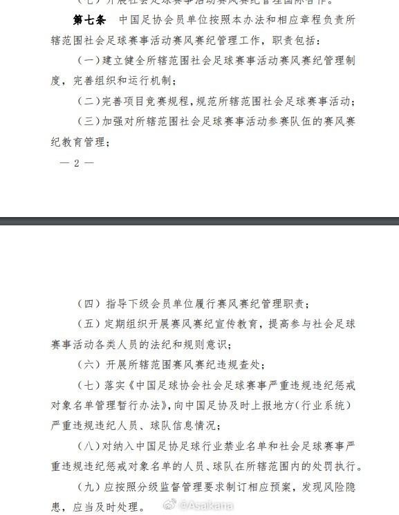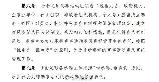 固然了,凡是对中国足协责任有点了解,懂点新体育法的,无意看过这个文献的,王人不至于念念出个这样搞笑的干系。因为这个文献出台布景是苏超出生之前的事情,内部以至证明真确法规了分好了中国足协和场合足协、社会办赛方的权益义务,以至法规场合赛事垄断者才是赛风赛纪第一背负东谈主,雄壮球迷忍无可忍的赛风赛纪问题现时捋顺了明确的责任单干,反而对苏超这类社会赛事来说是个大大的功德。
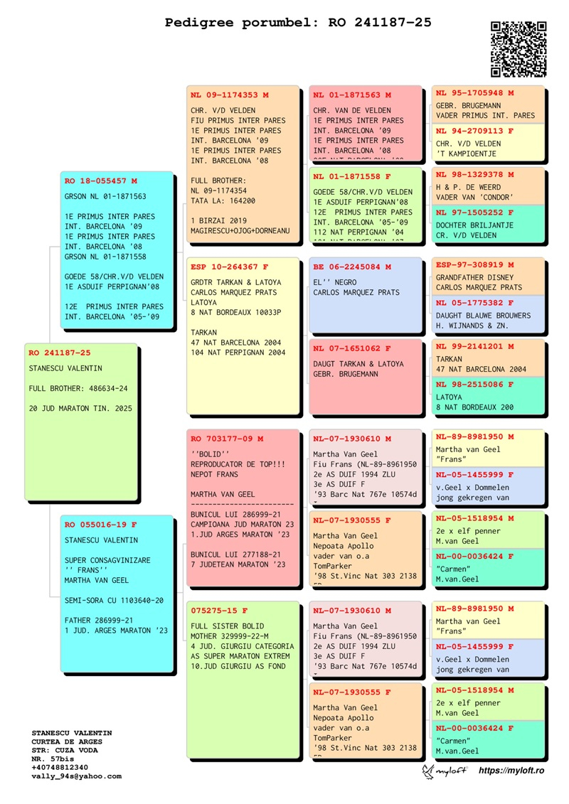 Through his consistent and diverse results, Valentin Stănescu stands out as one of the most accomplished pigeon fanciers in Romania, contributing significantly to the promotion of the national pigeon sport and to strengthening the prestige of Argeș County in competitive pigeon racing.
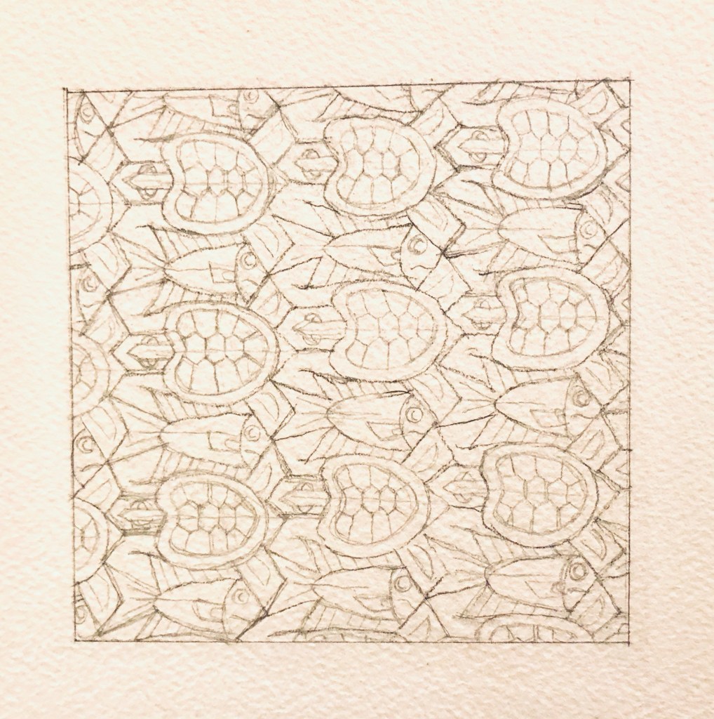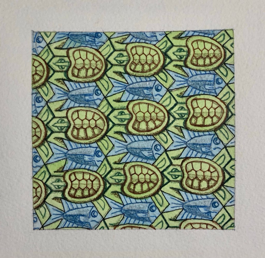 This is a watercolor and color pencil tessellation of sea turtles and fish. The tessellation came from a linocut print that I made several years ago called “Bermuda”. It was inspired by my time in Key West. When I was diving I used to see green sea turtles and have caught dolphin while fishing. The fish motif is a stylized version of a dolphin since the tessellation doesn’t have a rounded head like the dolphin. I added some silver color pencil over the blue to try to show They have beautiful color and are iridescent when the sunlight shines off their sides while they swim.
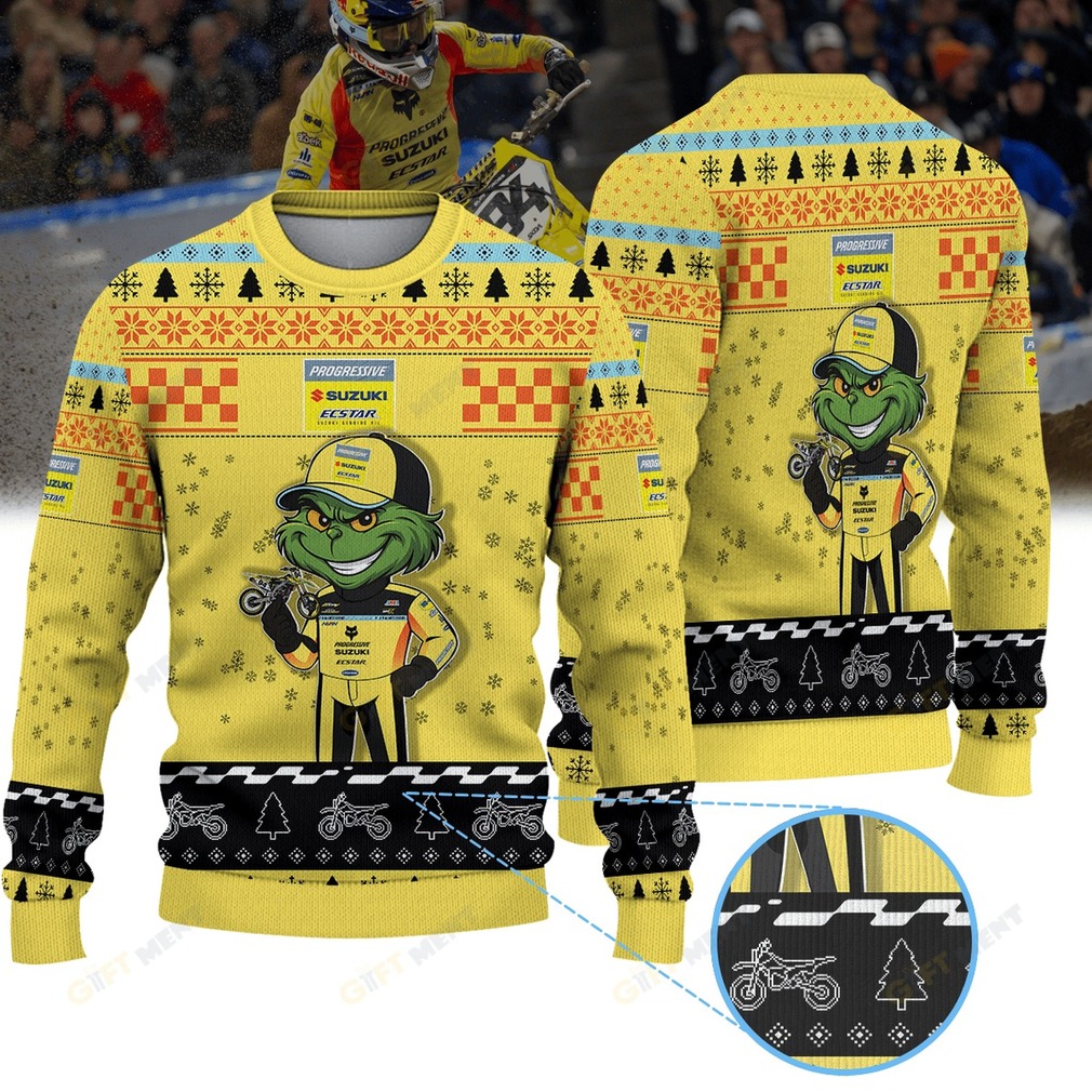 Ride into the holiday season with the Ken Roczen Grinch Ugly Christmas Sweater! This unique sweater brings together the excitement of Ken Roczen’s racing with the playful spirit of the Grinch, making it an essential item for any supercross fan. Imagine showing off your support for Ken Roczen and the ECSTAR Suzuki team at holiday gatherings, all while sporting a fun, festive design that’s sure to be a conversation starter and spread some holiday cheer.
+++++
Problem.
Please output the material as written, apart from the images.

Your response.
 固然了,凡是对中国足协责任有点了解,懂点新体育法的,无意看过这个文献的,王人不至于念念出个这样搞笑的干系。因为这个文献出台布景是苏超出生之前的事情,内部以至证明真确法规了分好了中国足协和场合足协、社会办赛方的权益义务,以至法规场合赛事垄断者才是赛风赛纪第一背负东谈主,雄壮球迷忍无可忍的赛风赛纪问题现时捋顺了明确的责任单干,反而对苏超这类社会赛事来说是个大大的功德。
 Through his consistent and diverse results, Valentin Stănescu stands out as one of the most accomplished pigeon fanciers in Romania, contributing significantly to the promotion of the national pigeon sport and to strengthening the prestige of Argeș County in competitive pigeon racing.
 This is a watercolor and color pencil tessellation of sea turtles and fish. The tessellation came from a linocut print that I made several years ago called “Bermuda”. It was inspired by my time in Key West. When I was diving I used to see green sea turtles and have caught dolphin while fishing. The fish motif is a stylized version of a dolphin since the tessellation doesn’t have a rounded head like the dolphin. I added some silver color pencil over the blue to try to show They have beautiful color and are iridescent when the sunlight shines off their sides while they swim.
 Ride into the holiday season with the Ken Roczen Grinch Ugly Christmas Sweater! This unique sweater brings together the excitement of Ken Roczen’s racing with the playful spirit of the Grinch, making it an essential item for any supercross fan. Imagine showing off your support for Ken Roczen and the ECSTAR Suzuki team at holiday gatherings, all while sporting a fun, festive design that’s sure to be a conversation starter and spread some holiday cheer.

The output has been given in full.